SMB1001 is the only cybersecurity certification standard built specifically for small and medium-sized businesses, and the 2026 edition (released September 2025) is the most consequential revision since the framework launched. If your business has ever wondered which cyber framework to pursue, this is the one most Perth SMBs should be looking at first, and the 2026 changes affect what certification actually costs you to achieve.
This guide explains what changed, what it costs, what it takes to get certified, and which tier your business should target. We work with Perth businesses across law, healthcare, construction, and professional services, so this is written from the perspective of actually getting clients certified, not summarising the marketing material.
SMB1001 is an Australian-developed cybersecurity certification standard for small and medium businesses, published by Dynamic Standards International (DSI). It defines five tiers of cybersecurity maturity (Bronze, Silver, Gold, Platinum, Diamond), each with a specific set of controls. Bronze and Silver are self-assessed and inexpensive. Gold and above require an external audit by an accredited body. The point of the framework is to give SMBs a credible, affordable, and tiered way to prove cyber maturity to clients, insurers, and regulators, without having to attempt ISO 27001 or implement the full Essential Eight.
The 2026 edition is the second annual revision. DSI updates the standard every year, which is one of its underrated strengths. Compare that to ISO 27001, which had a major revision in 2022 and the next one will not arrive for years. Annual revisions mean SMB1001 stays current with the threat landscape.
The 2026 changes fall into three buckets.
SPF, DKIM, and DMARC are required from Silver upward. Previously these were recommended; now they are certification requirements. If your domain does not have these records configured properly, you cannot certify to Silver or above under the 2026 standard.
This is the single most important technical change, because business email compromise (BEC) is consistently the most expensive single attack category for Australian SMBs. The ACSC’s most recent threat report recorded over 87,000 cybercrime reports, with BEC averaging losses of $84,000 per incident. SPF/DKIM/DMARC stops most spoofing attempts before they reach inboxes, and they cost nothing to implement (only the time of someone who knows what they are doing).

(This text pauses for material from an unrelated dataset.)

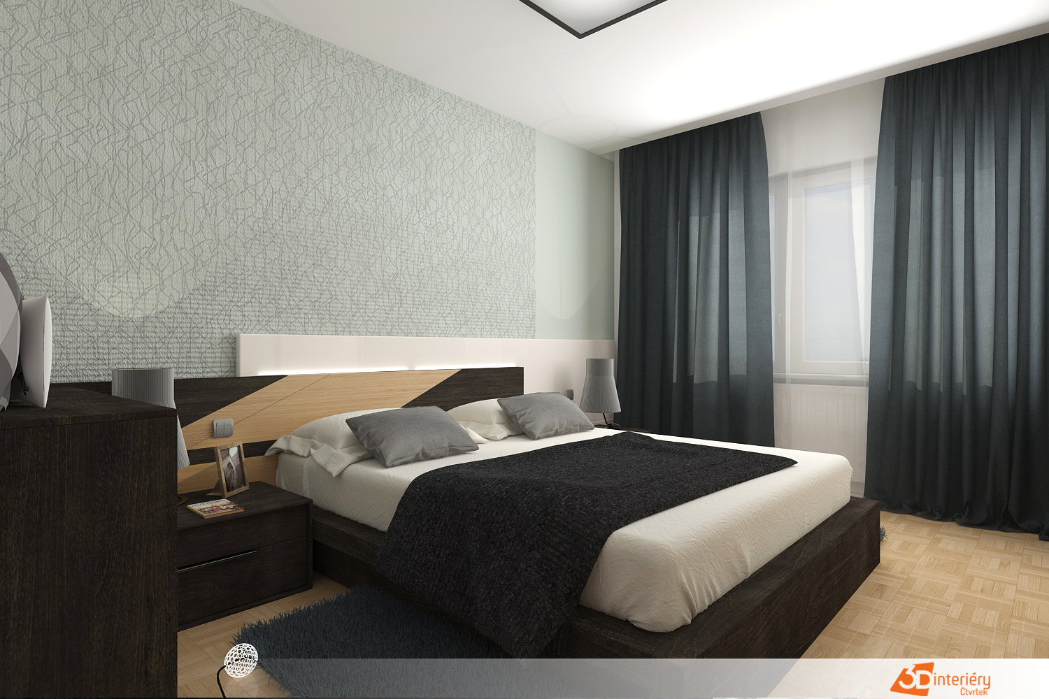 Celý interiér působí vyváženě, funkčně a esteticky čistě, přičemž barevné ladění podporuje klid a komfort každodenního odpočinku.

The Gold tier is where most serious SMBs end up. The 2026 edition adds four new controls focused on incident response readiness, vendor and supply chain risk, security awareness training cadence, and configuration management evidence. These are not new ideas, but making them explicit Gold requirements raises the bar for what counts as Gold certified. Businesses already Gold-certified under the previous edition will need to demonstrate the new controls at their next audit.
SMB1001:2026 publishes control mappings to Essential Eight, UK Cyber Essentials, US CMMC, and ISO 27001. This matters for Perth businesses with interstate or international clients. A Perth law firm certified to SMB1001 Gold can demonstrate substantive alignment with ISO 27001 controls without paying for a separate ISO audit. For supply chains that span Australia and the UK or US, this is genuinely useful.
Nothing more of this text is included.